In R language version 4.4.1 (the version should not matter, just for the sake of discussion), we write the code :
set.seed(1234)
x <- 5
y <- rnorm(1, mean = x, sd = 0.1)
We will be able to print the number y. Suppose that there is a second person, he knows the number y, that we are using seed 1234 and that he knows the number is generated using this code. The only thing he does not know is the number x. Can he work out that x=5?
0
It looks like the source code for rnorm() roughly defines it as:
rnorm(1, mean, sd) = mean + sd * norm_rand()
or using your variable names y = x + 0.1*norm_rand()
So to reverse it, I’d think the following would work:
set.seed(1234)
x <- y - 0.1*norm_rand()
If norm_rand() isn’t an exposed function, I think you could replace it with rnorm(1,0,1)
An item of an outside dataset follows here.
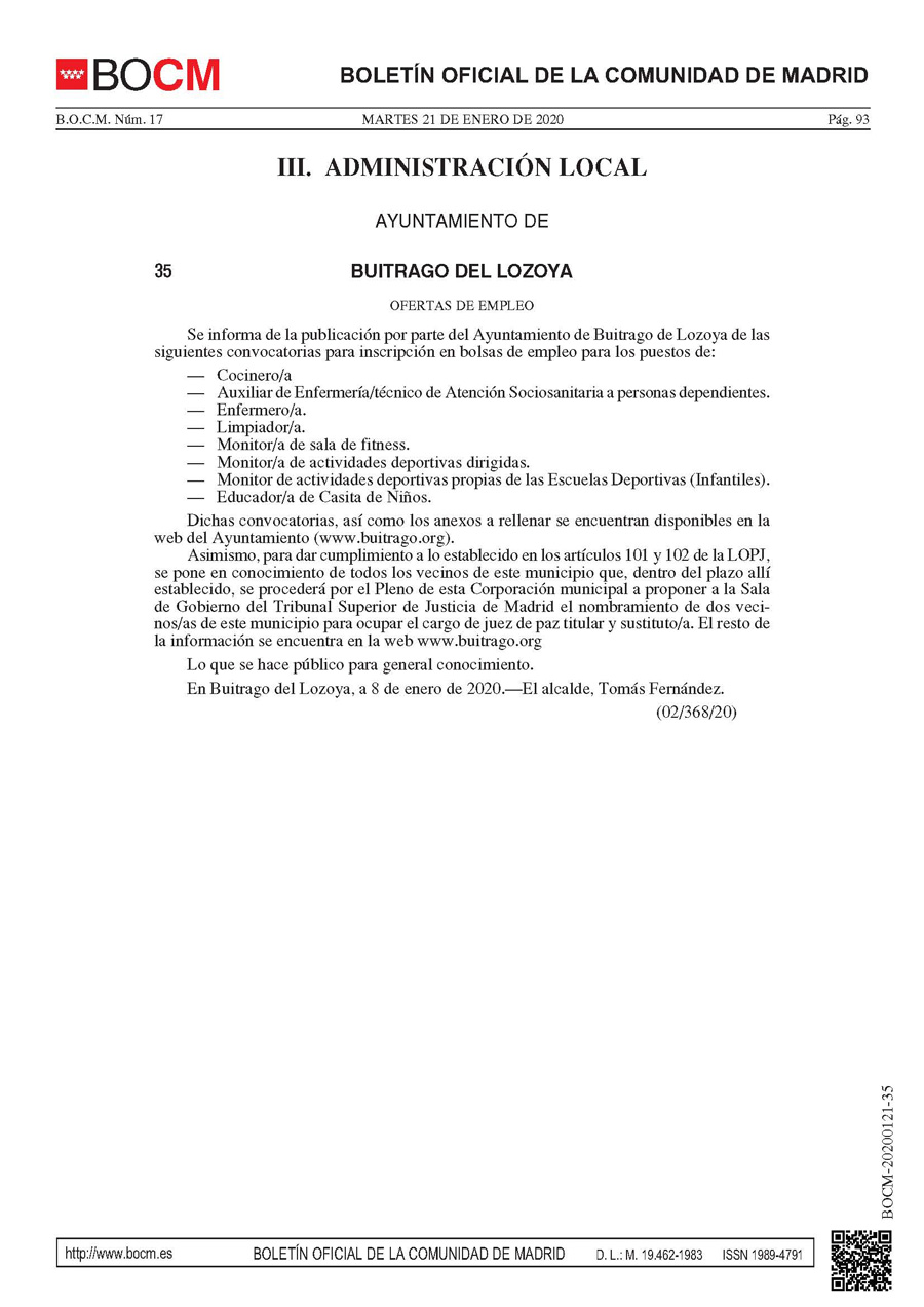 Empleo Público Empleo público 22 enero 2020 Visto: 1311 https://buitrago.org/tu-ayuntamiento/empleo-publico tweet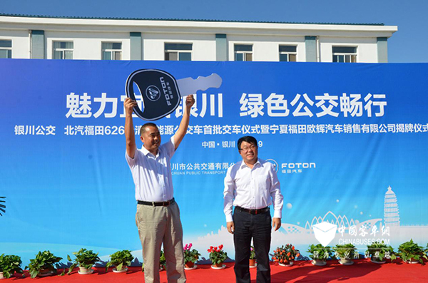福田汽车集团副总裁,欧辉客车党委书记、总经理范现军向银川市交通运输局副局长、银川公交公司总经理柯念国交付钥匙

I’m not an ‘R’ coder, and haven’t tried this myself, but it looks straightforward.
2
If we knew x was an integer, we could try to estimate how much the normal distribution is shifted by subtracting a normal distribution with mean 0 and same sd from y to see how much it is shifted.
> set.seed(1234)
> x <- 5
> y <- rnorm(1, mean=x, sd=0.1)
> f <- (y, sd) {y - rnorm(1L, 0, sd)}
> est <- replicate(10, f(y, 0.1))
> summary(est)
Min. 1st Qu. Median Mean 3rd Qu. Max.
4.771 4.840 4.930 4.910 4.937 5.114
This would strongly suggest x == 5.
The problem is that this only works for x integer or when SD is very low and would fail dramatically if it was higher:
> set.seed(1234)
> x <- 5
> y <- rnorm(1, mean=x, sd=2)
> f <- (y, sd) {y - rnorm(1L, 0, 2)}
> est <- replicate(1e3, f(y, 2))
> summary(est)
Min. 1st Qu. Median Mean 3rd Qu. Max.
-3.806 1.354 2.665 2.639 3.932 9.378
You probably had a low SD in mind when you did your thought experiment?